**Work instructions:** Once "DIOR Trotter Canvas Shoulder Bag Brown Gold" turns up in a line below, reproduce that line and those after it exactly, stopping after the line with "リボンが重なったようなデザインがかわいらしいネックレス。"; leave pictures out.

**Input data:**
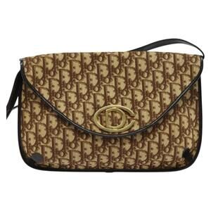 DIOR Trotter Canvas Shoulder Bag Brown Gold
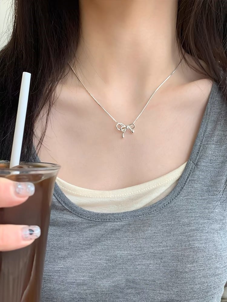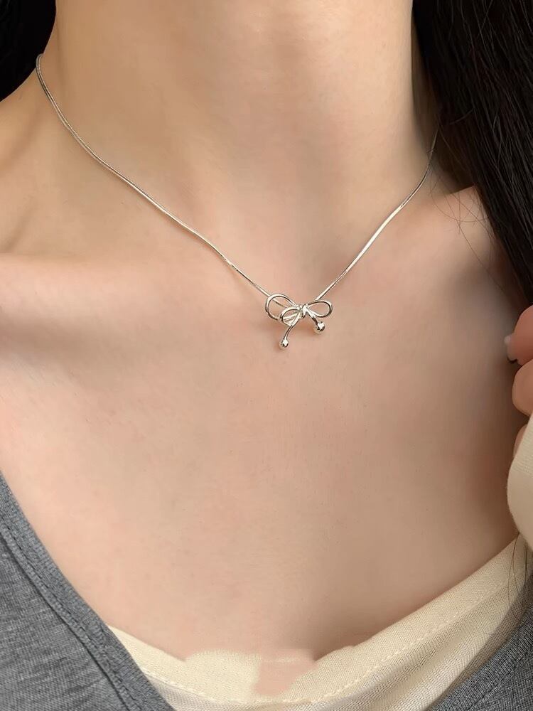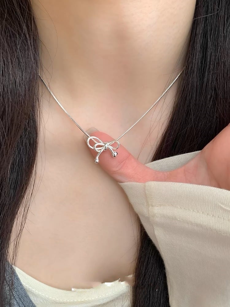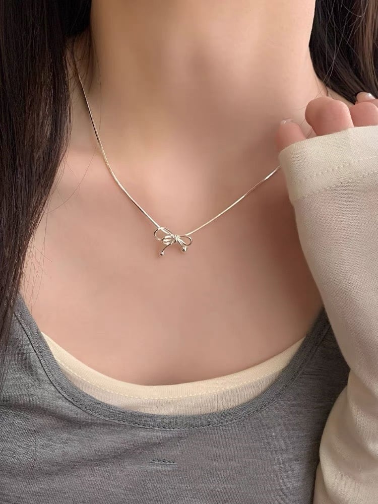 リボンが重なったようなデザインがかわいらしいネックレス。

* * *

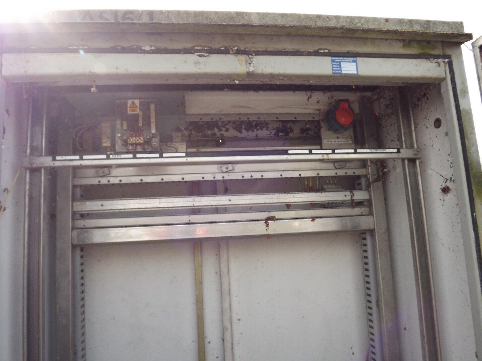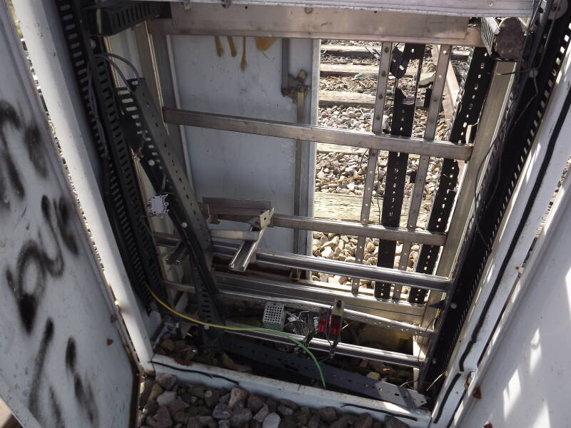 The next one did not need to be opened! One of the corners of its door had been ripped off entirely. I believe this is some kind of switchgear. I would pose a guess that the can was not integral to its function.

**Exercise answer:**
 DIOR Trotter Canvas Shoulder Bag Brown Gold
 リボンが重なったようなデザインがかわいらしいネックレス。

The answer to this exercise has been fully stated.